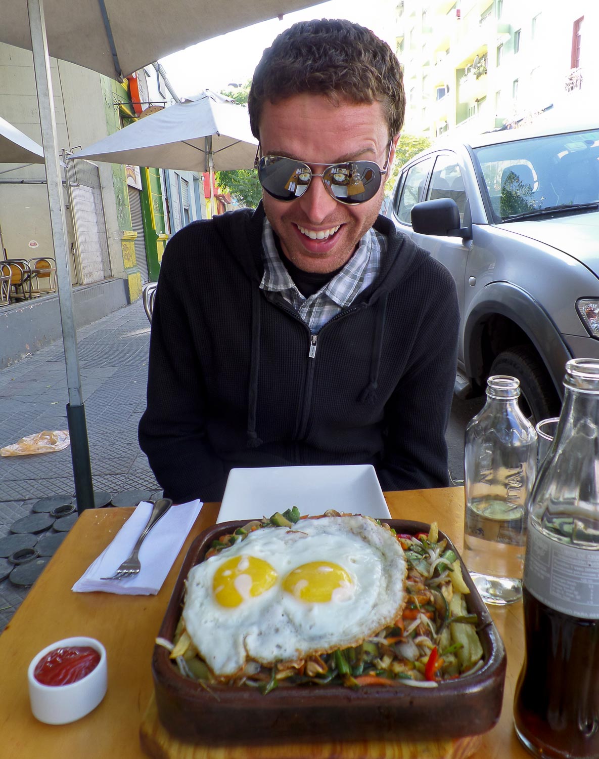 The next day we slept in after partaking a bit too much of the hostel’s inexpensive selection of wine. We rolled out around lunchtime and walked the neighborhood, finally settling on a place (D’Angelus) to grab some food. We shared some chorrillana, a traditional Chilean/Peruvian dish that is a layered parfait of french fries, beef, and fried eggs. Instead of beef, we had a layer of tasty sauteed veggies. The entire dish was massive and delicious and quite possibly the most perfect hangover food ever.
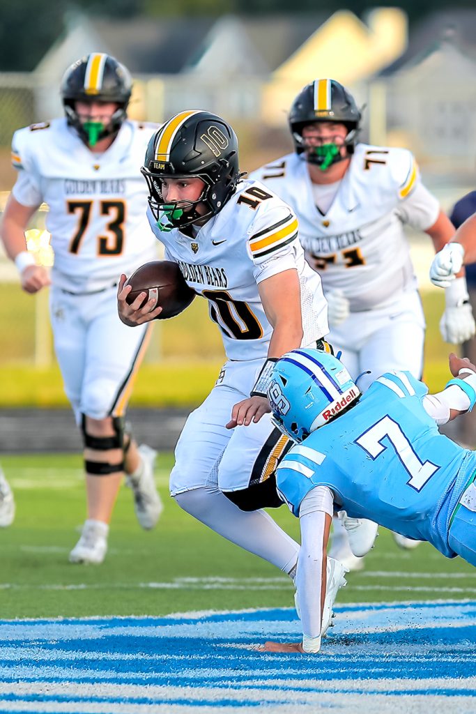 “Our defense kept us in the game, there’s no question about it,” Bears coach Mark Nori said. “We had some fortunate bounces in the second half. Getting an onside kick, the special teams showed up in the second half as well. We do some different stuff on defense, but the kids understand what’s asked them and they’re a resilient bunch. We’ve got some new faces in new places on offense, so to get these guys going and in the flow of varsity football is a great test for us. We have to respond. We have to grow up.”
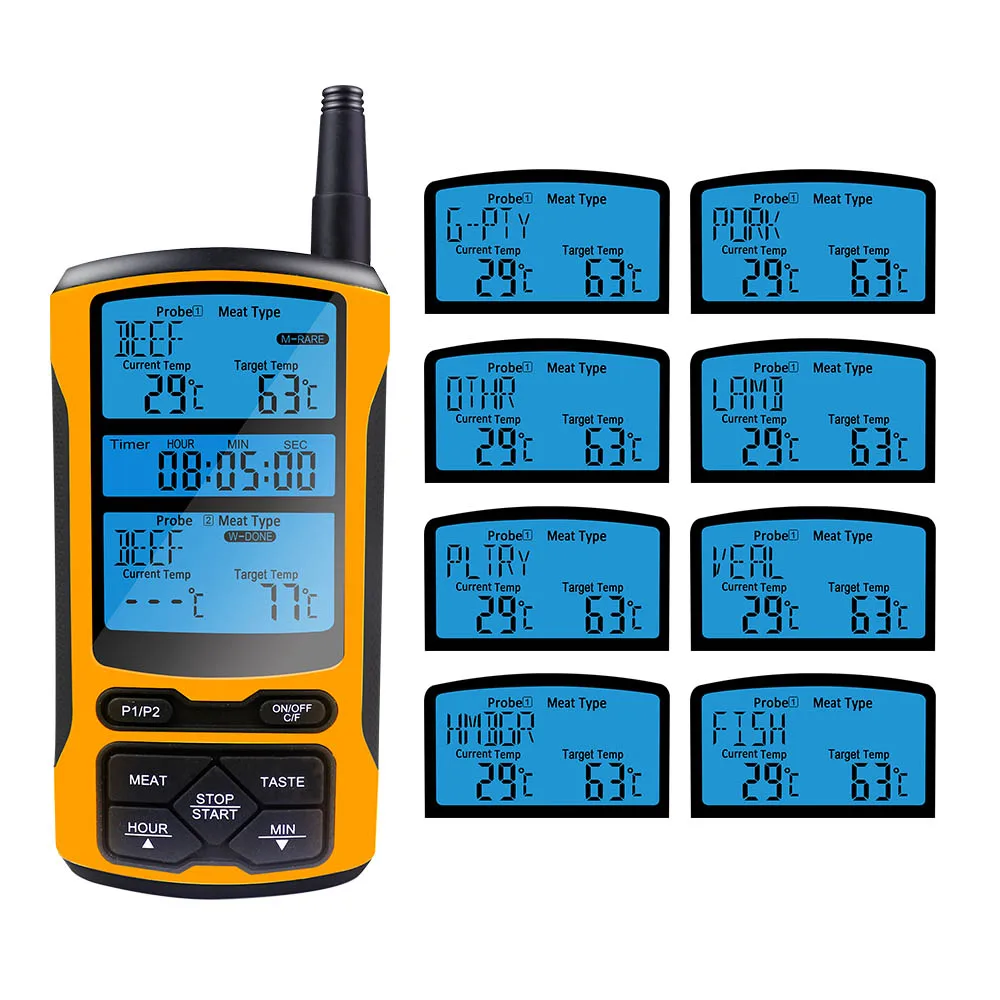 Это беспроводной термометр для пищевых продуктов сДвойной зонд, Может самостоятельно отображать температуру двух групп различных зондов и может самостоятельно выбирать тип мяса и тонкость мяса.Цвет ЖК-подсветкиМожет быть изменен в зависимости от температуры.СигнализацияВыдается, когда температура достигает заданной температуры

========================

Could the listing above be transcribed exactly, with the pictures left out?

 The next day we slept in after partaking a bit too much of the hostel’s inexpensive selection of wine. We rolled out around lunchtime and walked the neighborhood, finally settling on a place (D’Angelus) to grab some food. We shared some chorrillana, a traditional Chilean/Peruvian dish that is a layered parfait of french fries, beef, and fried eggs. Instead of beef, we had a layer of tasty sauteed veggies. The entire dish was massive and delicious and quite possibly the most perfect hangover food ever.
 “Our defense kept us in the game, there’s no question about it,” Bears coach Mark Nori said. “We had some fortunate bounces in the second half. Getting an onside kick, the special teams showed up in the second half as well. We do some different stuff on defense, but the kids understand what’s asked them and they’re a resilient bunch. We’ve got some new faces in new places on offense, so to get these guys going and in the flow of varsity football is a great test for us. We have to respond. We have to grow up.”
 Это беспроводной термометр для пищевых продуктов сДвойной зонд, Может самостоятельно отображать температуру двух групп различных зондов и может самостоятельно выбирать тип мяса и тонкость мяса.Цвет ЖК-подсветкиМожет быть изменен в зависимости от температуры.СигнализацияВыдается, когда температура достигает заданной температуры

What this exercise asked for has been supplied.